*Required work:*
Your copy should match the listing word for word, apart from the pictures, which are left out.

━━ Provided material ━━

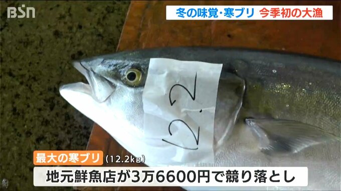 さっそく競りが行われ、最も大きかった12.2キロの寒ブリは地元の鮮魚店が3万6600円で競り落としました。
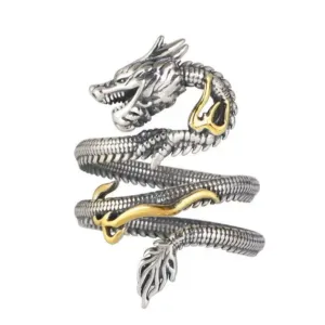 Vintage Dragon Protection Ring features a coiled dragon design. crafted from durable copper. The dragon spirals around the finger. symbolizing strength. protection. and wisdom. This intricately detailed ring represents the dragon’s powerful energy. making it perfect for those seeking protection and courage in their personal journey. A unique piece to inspire inner strength and spiritual growth.
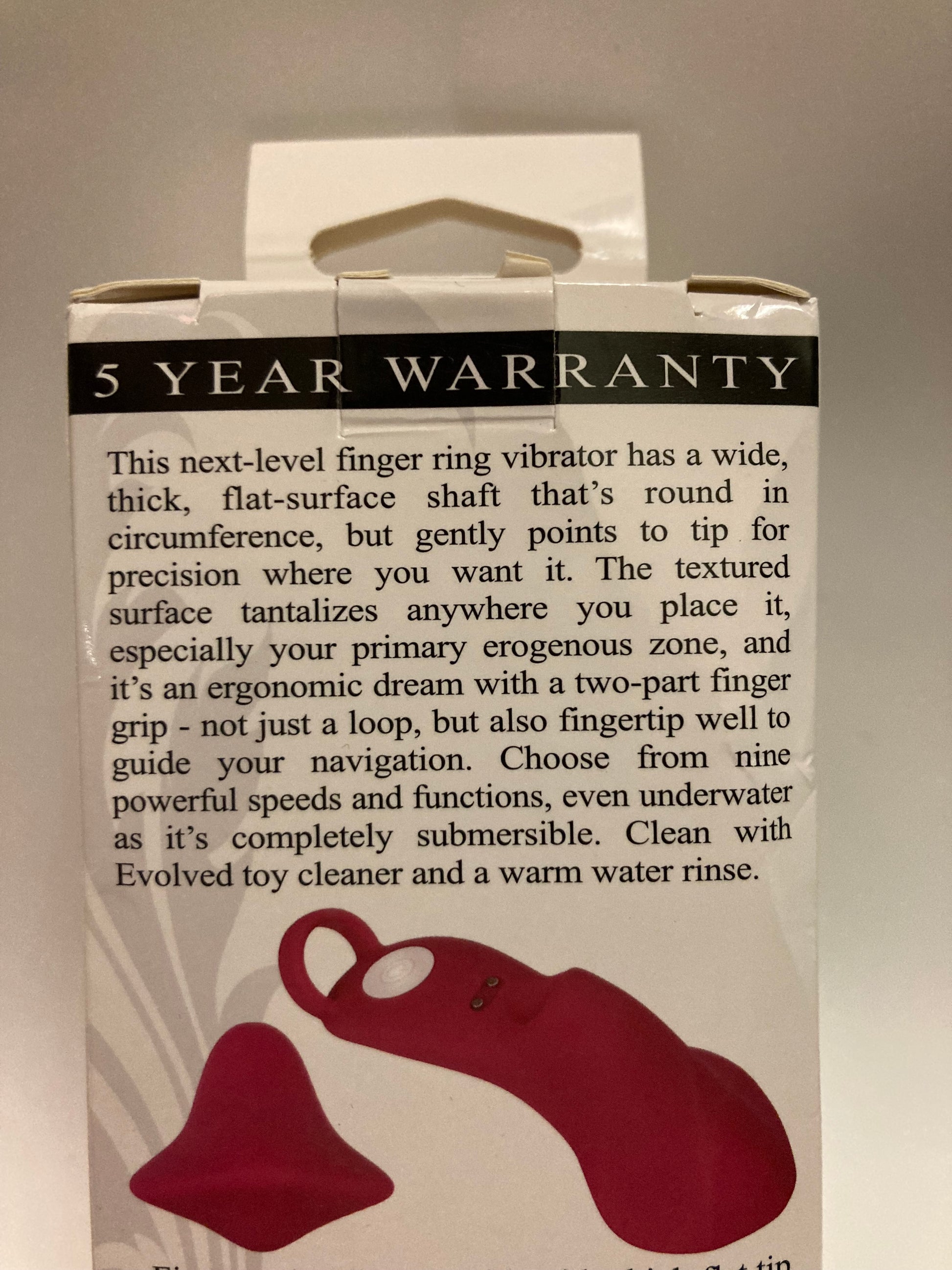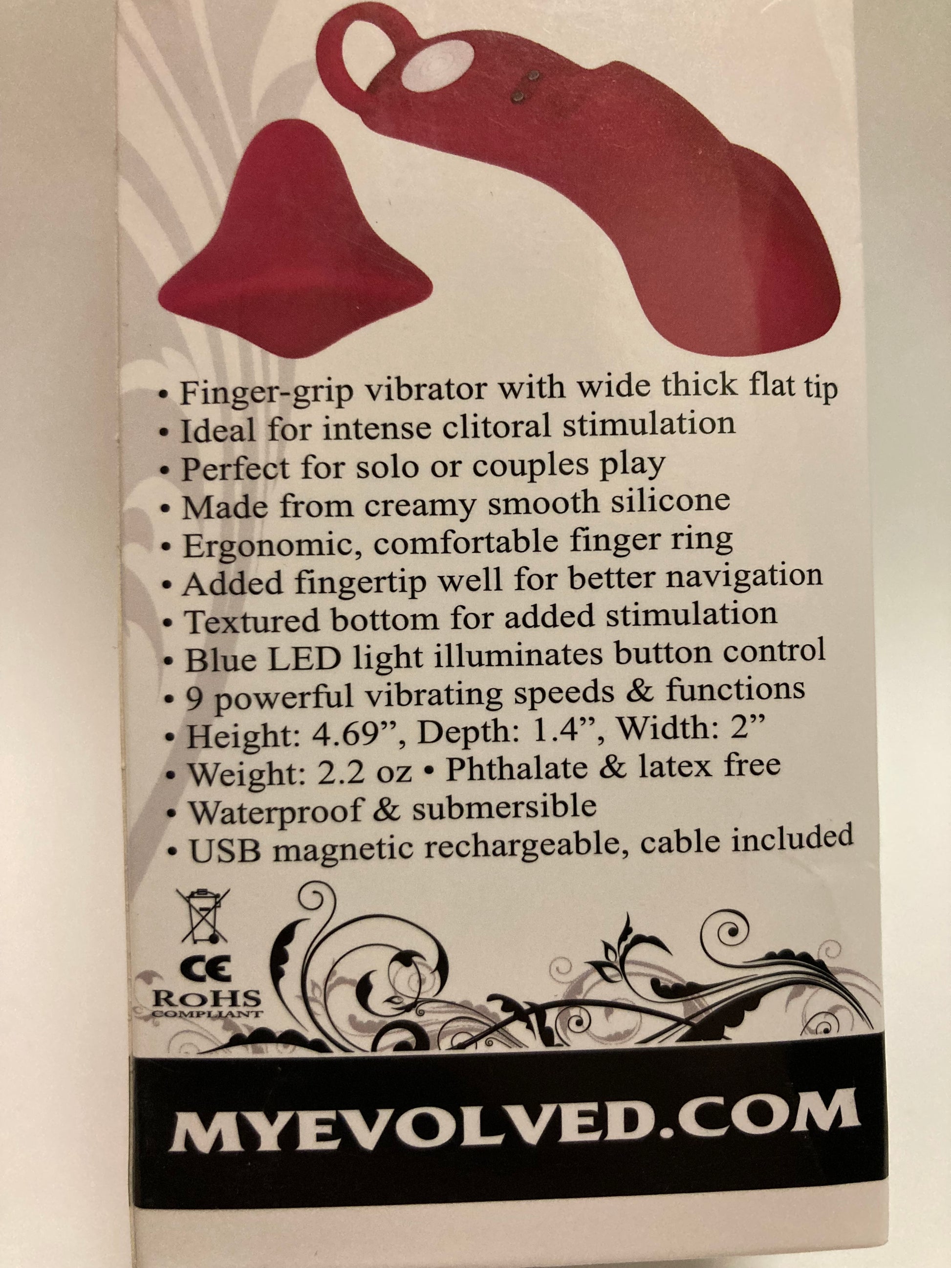 The Frisky Finger Vibe offers nine powerful stimulation modes and easy activation through a single button. Made with hypoallergenic silicone, it's perfect for sensitive skin and simple to clean. Rechargeable via USB, it's always ready for use. Compatible with water-based lubricants.

━━━

*Output for this task:*
 さっそく競りが行われ、最も大きかった12.2キロの寒ブリは地元の鮮魚店が3万6600円で競り落としました。
 Vintage Dragon Protection Ring features a coiled dragon design. crafted from durable copper. The dragon spirals around the finger. symbolizing strength. protection. and wisdom. This intricately detailed ring represents the dragon’s powerful energy. making it perfect for those seeking protection and courage in their personal journey. A unique piece to inspire inner strength and spiritual growth.
 The Frisky Finger Vibe offers nine powerful stimulation modes and easy activation through a single button. Made with hypoallergenic silicone, it's perfect for sensitive skin and simple to clean. Rechargeable via USB, it's always ready for use. Compatible with water-based lubricants.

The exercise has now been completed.